Benefits become payable when a pre-determined number of the activities of daily living (ADLs) can no longer be performed. ADLs are broadly divided into washing, dressing, toileting, feeding, walking and cognitive ability.
This allows the client, in conjunction with a care assessor attached to the respective LTC provider, to discuss the options of remaining at home or entering a registered institution.
LTC is expensive to provide, and you cannot rely on the State to help you out if you have significant amounts in savings – it is failing to help nearly half of those who do qualify for assistance, because the local councils cannot afford to. If you have more than £21,000 in assets, then you are on your own funding-wise. Only those with assets below £12,750 will have all their care funded by the State.
If you own a property, then you would be expected to sell this to fund your care if you did not have insurance, or enough money from other sources to cover the care home bills.
The cost of a four-year stay in a care home is set to double over the next 20 years, from £112,312 to £223,476 by 2028, according to research from Saga.

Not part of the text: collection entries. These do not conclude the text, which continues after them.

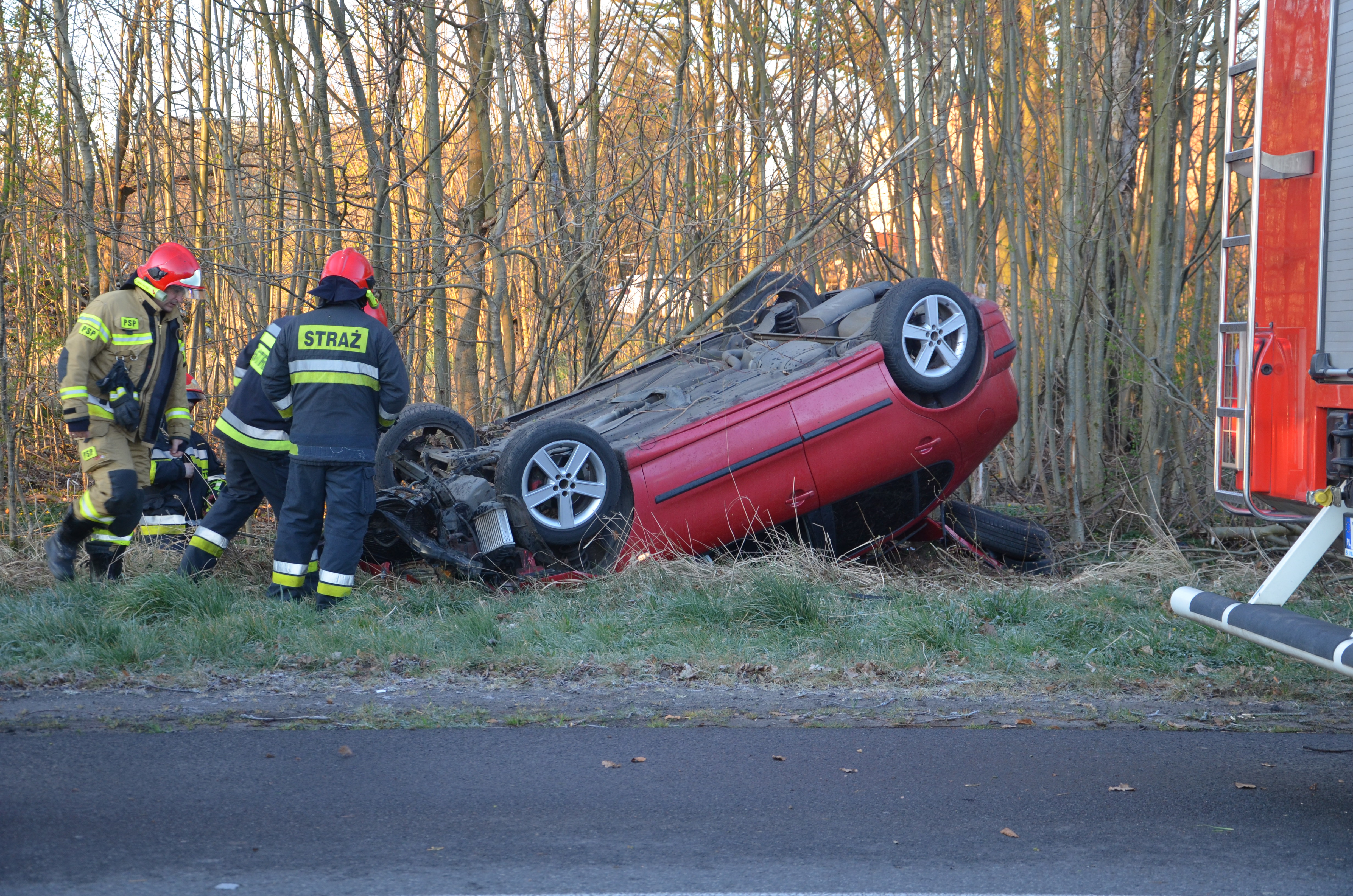 20-latek kierując osobowego Seata, stracił panowanie nad pojazdem, po czym zjechał z drogi na pobocze i dachował.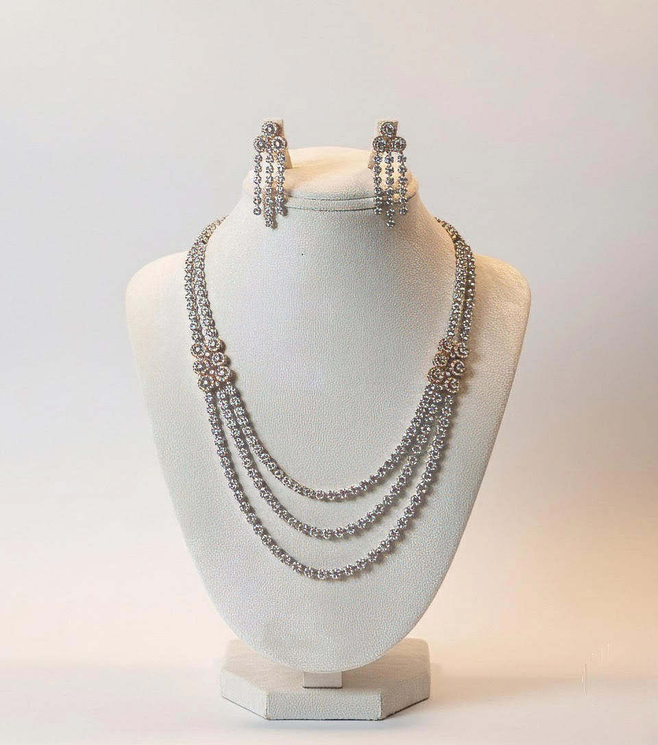 Experience the timeless elegance of our silver-Plated diamond Necklace, elevated with scintillating diamonds, and accented with rose gold-plated stones.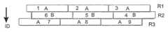 도 3a는, 긴 면(4a)을 짧은 면(5a)에 대해 구부림으로써 B형식의 마루판이 A형식의 마루판에 어떻게 연결되는지를 도시한다.  B마루판(2)은 짧은 면(5b) 상에서 텅을 갖지 않기 때문에 A마루판(3)에 대해 아래로 구부러질 수 있다.  숫자 1 ~ 3은 설치의 적합한 순서를 의미한다.  놓이는 방향(ID)에 가로로 도시되는 제 1 열(R1)은 안쪽으로 구부림으로써 연결될 수 있으며, 도 3b에 따라서 연결 가장자리  등을 따라 삽입된다.3A shows how the B type floorboard is connected to the A type floorboard by bending the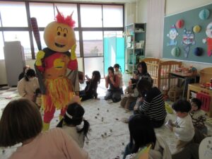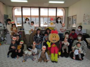 2月3日(火)、「アンパンマンと豆まき会」を行いました。絵本の読み聞かせに夢中になっていると、窓の外からアンパンマンがやってきました!皆で豆まきをして、最後には仲良く写真撮影をしましたよ(^^)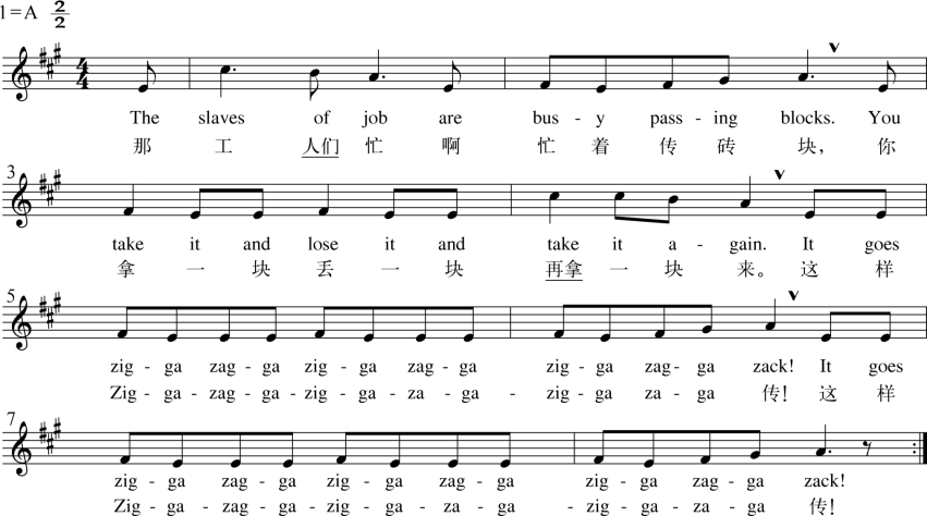 ●随录音演唱,并鼓励学生即兴地加入各种声势。

Anyone who self-funds their care may also be entitled to Attendance Allowance, which they may not be receiving.
The premiums for these plans are in direct relation to the probability of claims, so they are relatively expensive and it should be remembered that most are reviewable - although some offer guarantees at age 70 and over. This is a relatively new product to the market so there is little claims experience upon which to make judgements about future premium rises.